Now, while redis can definitely be used as lock manager, poolcounter has the added benefit of being written for this role specifically and actually NOT persisting the state. Which can be a bonus as far as lock managers go (fewer bugs to meet, easier to ditch the state by just restarting the service and so on). Note that we 've had exactly 0 architectural/software issues with poolcounter in the last 5 years. It does have the downside of one more moving part being added in the mix, so if code distribution is important that might cause issues.
I would encourage evaluating it before commiting to using redis, without of course dismissing the redis solution either. Should you end up choosing redis, I would strongly suggest setting it up in a non-persisting mode and not reusing the already present redis databases (jobqueue, cache)
I've boldly change the title and description because poolcounter seems to get a strong recommendation. I'll look into that.
Just found out the poolcounter was developed in-house and has some pretty poor documentation. It might not even be in version control. @akosiaris, are you sure we should invest in this?
Aha!. Looks like it exists here https://github.com/wikimedia/mediawiki-extensions-PoolCounter/tree/master/daemon
Where would we run the daemon? Maybe we could use one of the redis nodes. What is the memory performance of poolcounter like? Do you think running it next to our two redis daemons would be a good idea?
I think PoolCounter is reasonably well documented at https://wikitech.wikimedia.org/wiki/PoolCounter - is there something specific you see as missing?
Yeah, link to the server code is broken (just fixed it). No description of how to build and invoke the daemon (I'd have to dig through puppet code). No discussion of memory performance. No discussion of how to configure it if not running from mediawiki code. Incomplete description of the message passing protocol (but that can be reverse engineered from something like https://github.com/wikimedia/operations-debs-python-thumbor-wikimedia/blob/master/wikimedia_thumbor/poolcounter/__init__.py). It seems this was designed for a very specific use-case and the documentation is written minimally to that. It's OK. I don't mean to blindly critique, but we should refactor *a lot* if we're going to use it for ORES and expect future devs to know what's up.
I'm comparing this documentation to using mutexes in Redis, so it's pretty hard to measure up.
I should mention that I'm also looking at this as a SOFIXIT thing. If we're going to use this, we should FIXIT the documentation.
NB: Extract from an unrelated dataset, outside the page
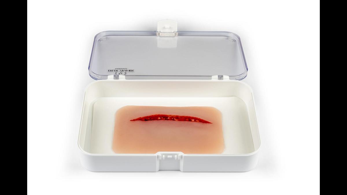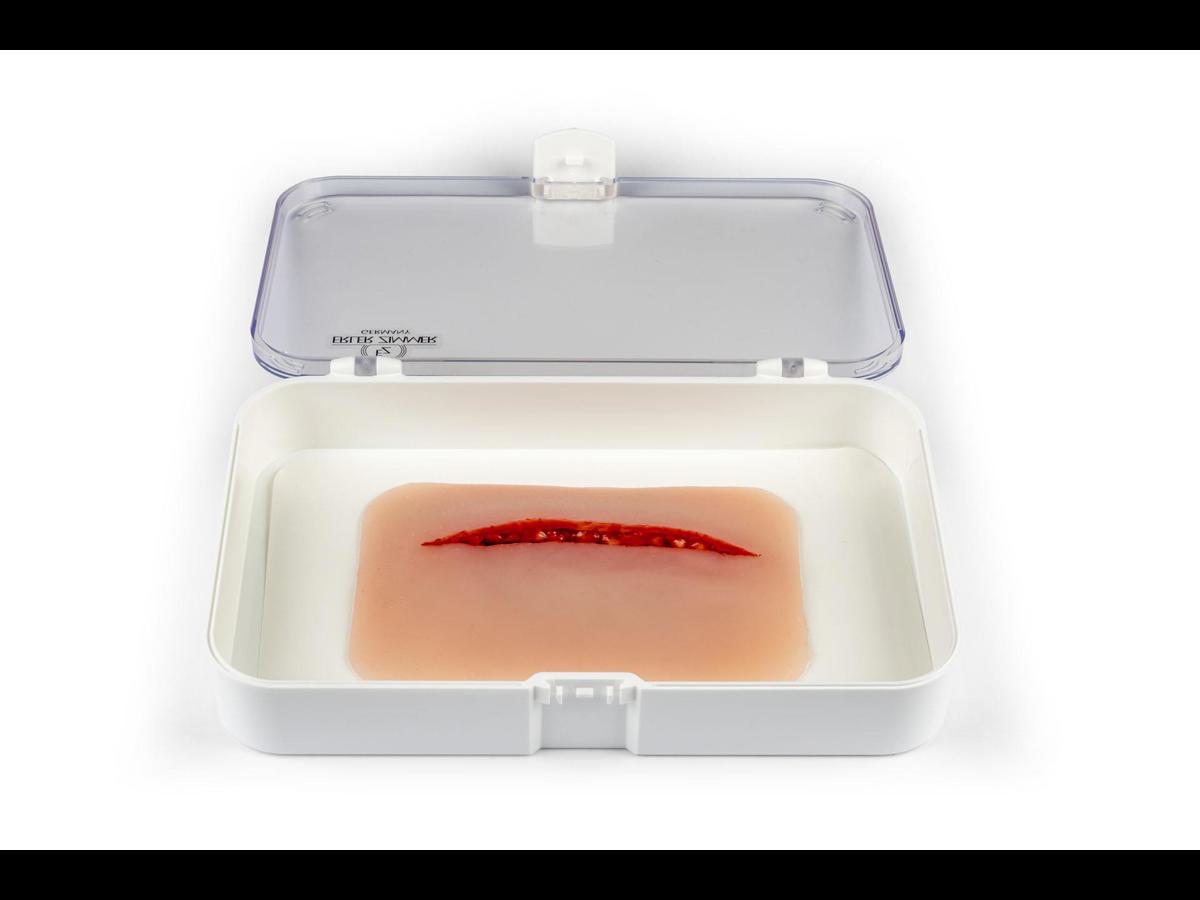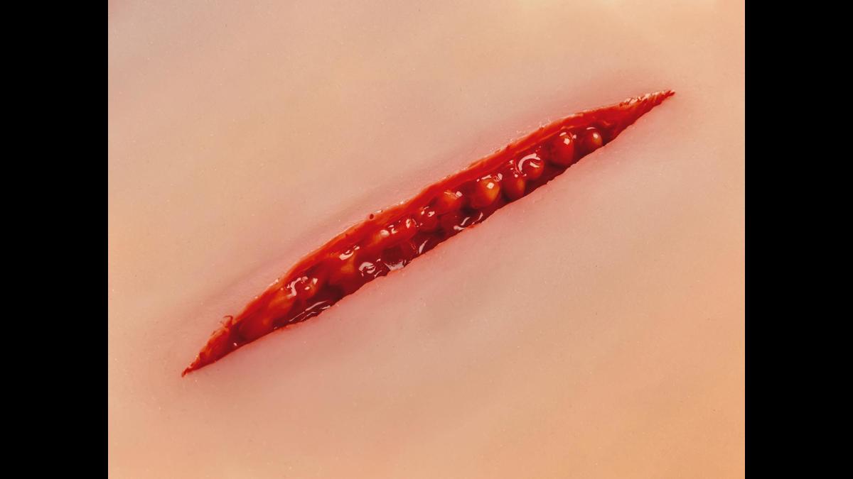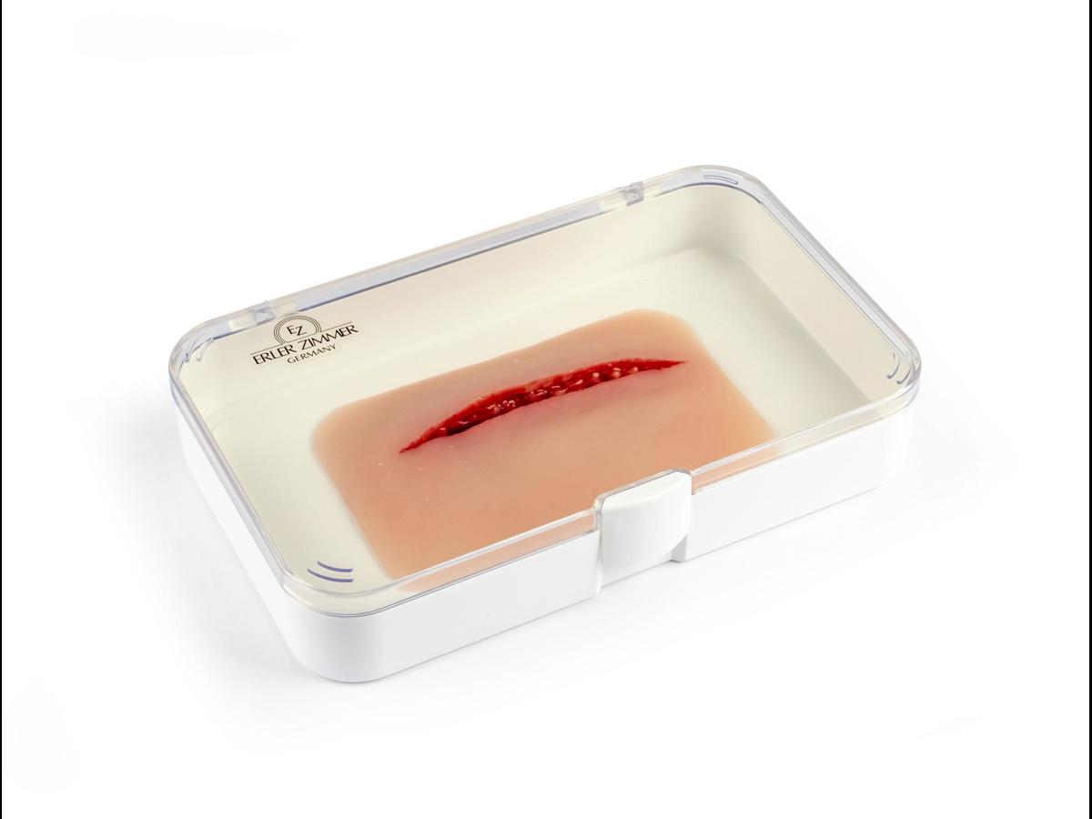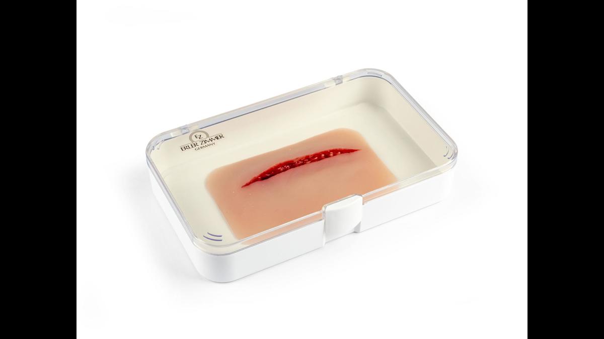 Litet sårmoulage med ca 1 cm djupt snitt; fästs på hud eller träningsdocka, med möjlighet till extra hudlim för längre pass.

cd daemon && make && ./poolcounterd (I also documented this on https://www.mediawiki.org/wiki/Extension:PoolCounter)
No discussion of memory performance. No discussion of how to configure it if not running from mediawiki code.
There isn't anything that needs configuring from the poolcounter side if that's what you mean. Tim could probably tell you about the memory performance.
Incomplete description of the message passing protocol (but that can be reverse engineered from something like https://github.com/wikimedia/operations-debs-python-thumbor-wikimedia/blob/master/wikimedia_thumbor/poolcounter/__init__.py). It seems this was designed for a very specific use-case and the documentation is written minimally to that. It's OK. I don't mean to blindly critique, but we should refactor *a lot* if we're going to use it for ORES and expect future devs to know what's up.
Sure, help on improving documentation is always welcomed :)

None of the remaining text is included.